El doble discurso estadounidense
Estados Unidos ocupa una posición paradójica en esta historia. Por un lado, es el mayor consumidor de drogas ilegales del mundo; por el otro, impulsa políticas agresivas para frenar el flujo de narcóticos desde México. Sin embargo, rara vez se aborda el papel de su propia sociedad en esta ecuación. Mientras haya demanda, habrá oferta, y mientras las instituciones estadounidenses ignoren esto, cualquier estrategia bilateral será insuficiente.
Además, el tráfico de armas desde Estados Unidos hacia México es otro tema silenciado. Estas armas no solo fortalecen a los cárteles, sino que también agravan la violencia interna. Sin embargo, los intereses políticos y económicos detrás de la industria armamentista estadounidense parecen tener más peso que las vidas perdidas al sur de la frontera.
México: ¿víctima o actor pasivo?
En México, el problema del narcotráfico está profundamente ligado a la debilidad institucional. Cuando las autoridades locales dependen económicamente de los cárteles, y cuando funcionarios de alto rango negocian con estos grupos, es difícil hablar de una estrategia real contra el crimen. Pero México no es solo una víctima de esta dinámica. La falta de voluntad política para combatir la corrupción dentro de sus propias estructuras convierte al país en un actor pasivo, cuando no cómplice, del problema.
El caso del general Salvador Cienfuegos, detenido en Estados Unidos bajo acusaciones de colaborar con el narcotráfico y posteriormente liberado tras una gestión diplomática cuestionable, es un ejemplo claro de cómo la complicidad puede operar incluso en los niveles más altos.
La hipocresía de la cooperación bilateral
La cooperación en seguridad entre México y Estados Unidos está llena de contradicciones. Ambos países hablan de estrategias conjuntas, pero sus acciones muestran que las prioridades no siempre coinciden. Mientras México busca reducir la violencia, Estados Unidos parece más enfocado en proteger su frontera. Esta falta de alineación crea un espacio perfecto para que el crimen organizado siga operando sin mayores obstáculos.
¿Qué hacer frente a este contubernio?
El primer paso para romper este ciclo es aceptar la realidad: el narcotráfico no podría operar a la escala que lo hace sin la complicidad de autoridades en ambos lados de la frontera. Reconocer este hecho no es suficiente, pero es un comienzo.

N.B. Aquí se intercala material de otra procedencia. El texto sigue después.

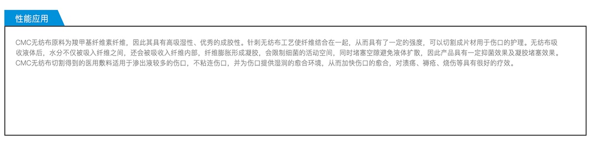 CMC無紡布是將羧甲基纖維素纖維以非織造工藝制備得到的無紡布產品。非織造布產品柔軟疏松,同時又具有一定強度。CMC無紡布經后續分切可以制作成各種尺寸規格的敷料片材用于傷口護理。公司具有小批量研發及大規模生產所需要的各種設備,可根據客戶要求生產多種克重和寬幅的卷材,并可根據需要切割成任意規格的片材。
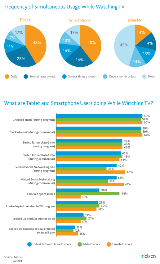 It has been speculated that home entertainment would meld with online and app-based engagement more and more over time. Today, Nielsen revealed that 40% of tablet and/or smartphone owners use them while watching television.
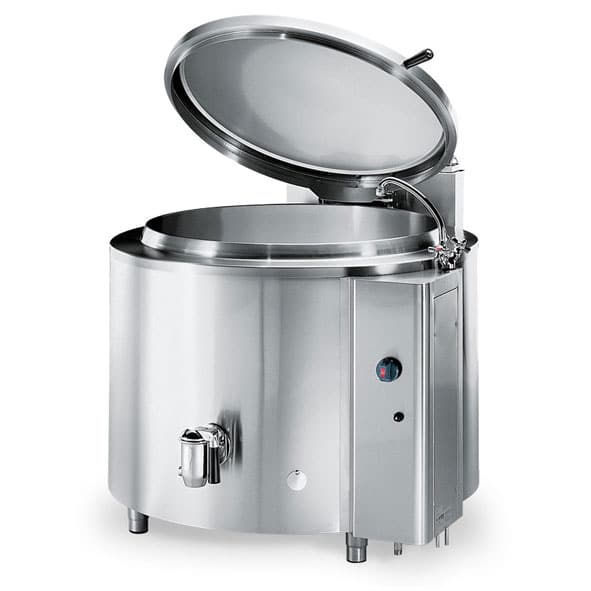 EASYPAN series large capacity cylindrical body stationary boiling pans with direct gas heating. Stainless steel construction, electromechanical controls and capacities ranging from 200 to 500 litres. Ideal for boiling large quantities of food. Double jacket water level control system as standard.
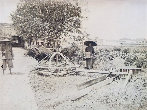 牛力灌溉系统。图中是使用链泵,通过人力或牛力驱动,链泵通过齿轮传动来抽水。
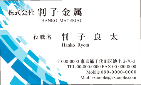部署名・工場名・資格欄を分かりやすく整理し、堅実で信頼できる印象の名刺を作成します。
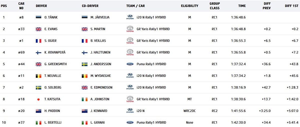 Alle sue spalle, staccato di soli 0,2 secondi un redivivo Elfyn Evans che ha condotto una giornata di grande regolarità, staccando anche un miglior tempo e riuscendo a tenere il passo del duo estone, nonostante qualche disagio con la sua Yaris Rally1.
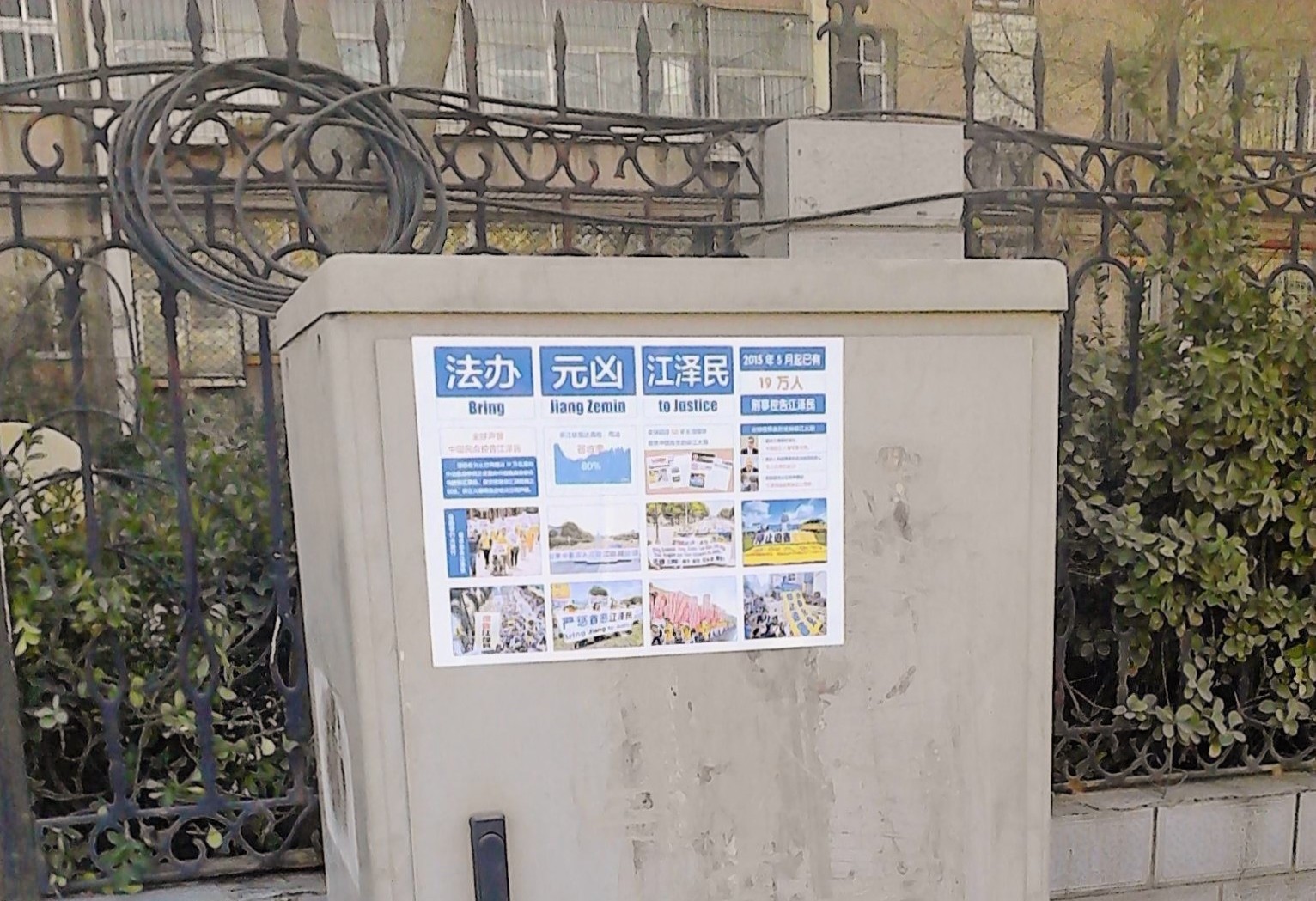 廊坊大街小巷出现"全球公审江泽民"

México debe fortalecer sus instituciones y garantizar que la lucha contra el narcotráfico no sea solo un discurso, sino una prioridad. Esto incluye combatir la corrupción de manera frontal y proteger a quienes enfrentan al crimen organizado desde el gobierno, los medios y la sociedad civil. Por su parte, Estados Unidos debe asumir su responsabilidad como principal consumidor de drogas y proveedor de armas. Sin medidas concretas en estos dos frentes, cualquier estrategia conjunta será solo un parche.
Conclusión: De aliados a responsables
México y Estados Unidos no solo comparten una frontera; comparten un problema que ellos mismos han alimentado. Hablar de cooperación mientras se tolera la complicidad es no solo hipócrita, sino peligroso. Ambos países tienen la oportunidad de cambiar esta narrativa, pero hacerlo requiere algo más que buenas intenciones. Requiere voluntad política, transparencia y, sobre todo, la disposición de romper con las redes de poder que han permitido que el narcotráfico florezca a ambos lados de la frontera.
El tiempo de culpas mutuas ha terminado. Ahora, más que nunca, es momento de asumir responsabilidades compartidas.